I have worked with dogs that are resistant to having their paws examined or touched at all. In this event, I ask the dog mentally, "What if you were hurt? I would need to look at your paw to be sure you were ok, so please give me your paw now so that I can look at it!" If the dog resists, I insist, and say, "You have GOT to give me your paw. I'm just going to look at it, so please give it to me right now."

For dogs that are extra-sensitive or resistant, I might project, "Oh my gosh! I'm only going to LOOK at your paw, but I need to hold it. I promise it won't hurt." Then I stay there until I get to look at, touch and/or hold the paw, if even for a very short time. During these interactions, any mouthing, snapping or nibbling from the dog is discouraged verbally with "No biting." I don't move away, but I turn the back of my hand toward the dog's mouth if there is some possibility of a bite. As soon as I am able to touch the paw, even for a brief moment, I express my deep appreciation for the trust. "That's right. What a good dog." My expectations and strong request for cooperation reflect my compassionate leadership role in this interaction.
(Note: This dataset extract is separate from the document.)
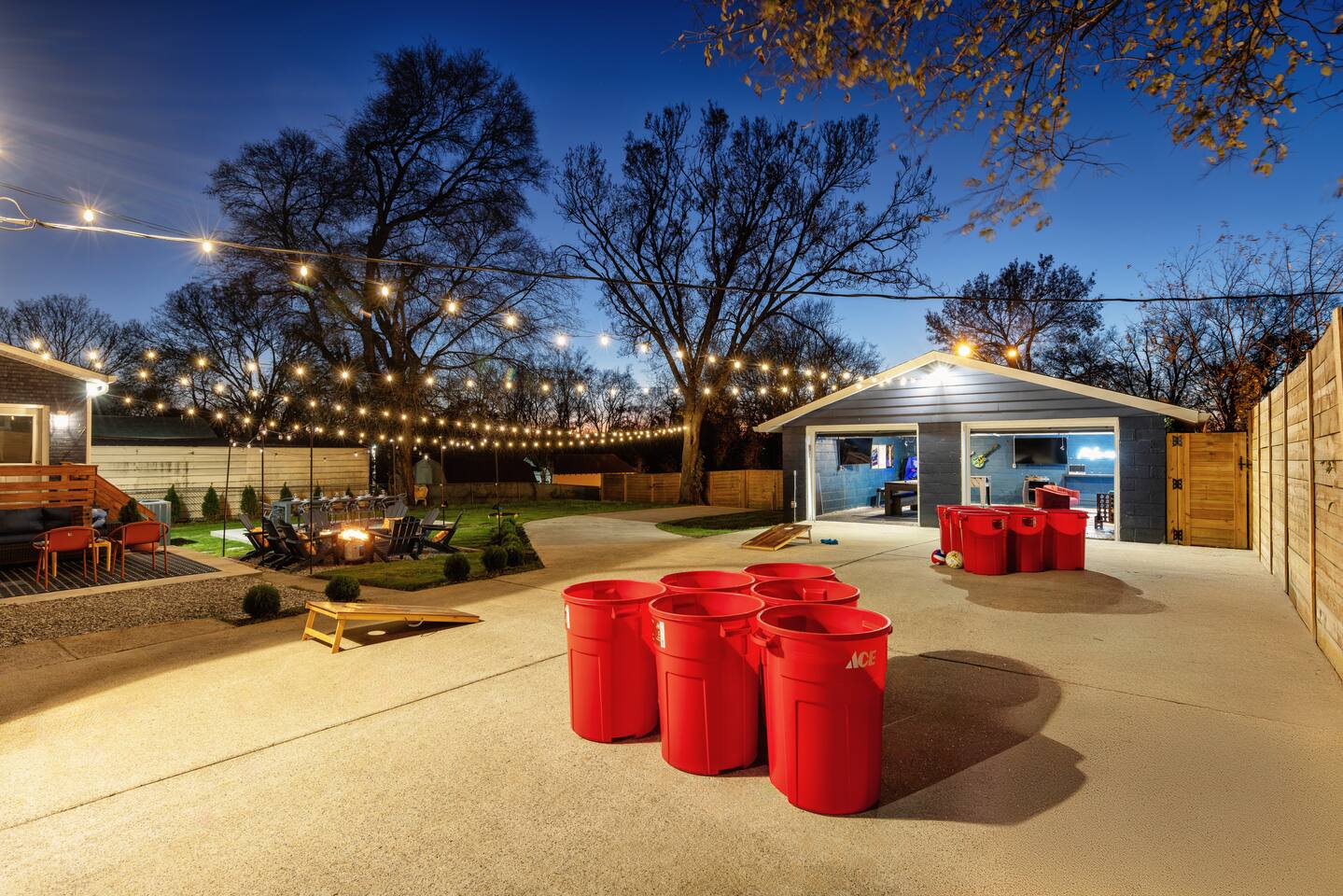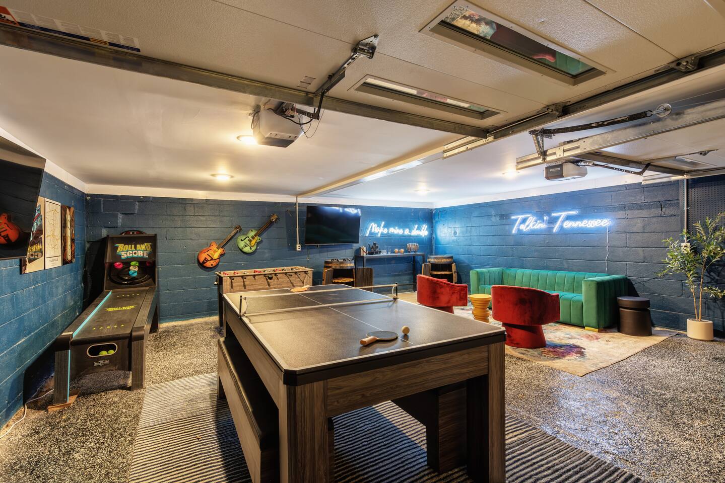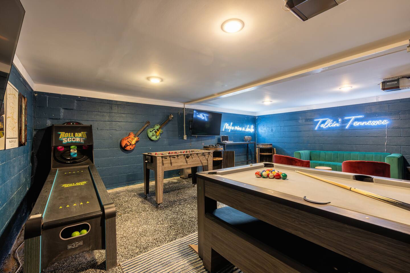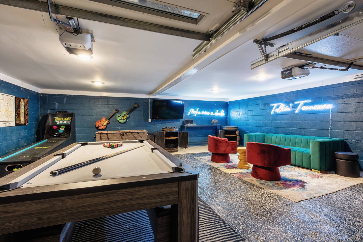 Property Highlights: - Located on 1/2 acre with ample space. - 4 bedrooms, 9 beds and 3 full bathrooms. - Living room is uniquely designed with a large L-shaped couch, dedicated bar and Smart TV. - Game room with 2 seating areas, pool table, skee-ball, foosball, ping pong, dartboard and dedicated bar area. - Fully-equipped kitchen featuring brand-new appliances and all of the essentials for cooking. Dual coffee pot and Keurig system. We provide K-pods and coffee filters. - Movie room with reclining seats, popcorn machine, HD projector, high-end sound system and karaoke machine. - Spacious backyard with a 7-person hot tub, 3 different seating areas, BBQ grill, fire pit and go-to lawn games (oversized Jenga, connect 4, cornhole and more). - Large driveway to accommodate 5 medium-sized vehicles. - High-speed internet with dedicated workspace in the master bedroom. - Full-sized washer and dryer with laundry detergent provided for your convenience. - Conveniently located and just a 10-minute drive from Nashville’s top attractions like Broadway, Five Points, Nissan Stadium, Country Music Hall of Fame, Pedestrian Bridge and Centennial Park. Sleeping Arrangements: - Primary Bedroom: California King Bed with renovated bathroom with Smart TV, dual sinks, dual shower and walk-in closet - Guest Bedroom 1: Two Queen Beds with walk-in closet, small seating area and walk-in closet - Guest Bedroom 2: Two Queen Beds with walk-in closet, small seating area and dresser - Guest Bedroom 3: Two Bunk Beds (Twin Over Twin and Full Over Full Quad Bunk Beds) with walk-in closet, Smart TV and dresser

Of course, handling an ill or injured animal puts anyone at risk for a dog bite. Even your own dog may be in extreme pain or be disoriented and could bite you when under extreme stress. Be prepared for dealing with your injured dog by having a muzzle, scarf or bandanna ready to protect yourself in an emergency. A good dog first aid kit should supply instructions on using a homemade wrap as a muzzle, and reference books are available for more detailed information. If you are not well versed in canine first aid, it is best to call for professional help if you encounter an unfamiliar dog that appears ill or injured.

Heredity - Powerful Breed Dogs and The Guardian's Alpha Role

Some dog breeds have inherited physical and psychological traits that make them more likely to bite people or other dogs. Owner responsibility is key in preventing bites with any breed or mixed breed dog, but strong leadership is absolutely essential with powerful dogs so that aggressive tendencies are kept in check.
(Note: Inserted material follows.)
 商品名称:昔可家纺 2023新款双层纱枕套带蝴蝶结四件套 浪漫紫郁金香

My neighbor (who has, thankfully, since moved) acquired a pit bull that had a history of dog fighting. I engaged him in conversation about his dog in an effort to find out more about his philosophy on dog training. I told him about Cesar Milan, the "Dog Whisperer," and his work with pit bulls and other aggressive breeds. My words fell on deaf ears, unfortunately. He proceeded to tell me that his dog liked to go after bigger dogs like my German Shepherd, and that if he were taking his dog for a walk and another dog approached, he would just have to "drop the leash" – giving his dog full permission to behave in whatever manner she chose – and all with full knowledge of this dog's violent past! He had actually been advised by another aggressive pit bull owner to remove himself from any altercation his dog became involved in and "just let the dogs work it out." What was he thinking???
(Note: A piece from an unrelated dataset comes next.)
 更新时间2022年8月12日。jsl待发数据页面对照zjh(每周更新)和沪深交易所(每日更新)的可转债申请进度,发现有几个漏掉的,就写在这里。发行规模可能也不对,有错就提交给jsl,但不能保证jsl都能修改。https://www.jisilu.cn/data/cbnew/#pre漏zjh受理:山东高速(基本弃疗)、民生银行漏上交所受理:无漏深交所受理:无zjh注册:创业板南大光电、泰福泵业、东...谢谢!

If you decide to adopt a powerful breed, such as a pit bull, Rottweiler, German Shepherd, Akita, etc., then you legally assume responsibility for every behavior your dog exhibits. Dropping the leash is NOT an option! You must assume responsibility for being the alpha in your household on a 24/7 basis. You must also assume responsibility for socializing your dog and creating an attitude of acceptance toward humans and other canines. If you're not interested in this arrangement, then a different breed would be a better choice for you.

Teaching Children to Interact with Your Dog

A final factor that contributes to many biting incidents is the dogs' interactions with children. It is a sad fact that most fatal and roughly half of all serious dog bites are received by children. Children's natural behavior, especially at play, can invoke some dogs' instinctive herding or prey drive and increase the likelihood of a biting incident. Be sure to supervise your dog with all children and remove your dog if the situation becomes too chaotic or stressful.

As a responsible guardian, you are under obligation to teach your dog to respect both your own and other children. Since dogs commonly use biting as a form of correcting young pups and keeping them in line, you must be sure that your dog understands the "pecking order," and knows that children are above them in rank. Likewise, teach your children to handle your dog with care and respect, and as soon as they are able, encourage them to assume a dominant role by directing the dog with appropriate commands to reinforce their status.


Our dogs provide us with companionship, joy and comfort and accept us as we are. They are social animals that we have brought into our lives, expecting them to adapt to our environment, our needs, and our comings and goings. The responsibility we bear as their caretakers is to recognize their social nature, assume our roles as their leaders, and teach them how to be comfortable in our human world. That means socializing our dogs and providing boundaries and guidelines so that they can live in harmony with both humans and other canines.
With your help, your dog can learn to discriminate between acceptable and unacceptable behaviors and become a good canine citizen in your home and out in the world.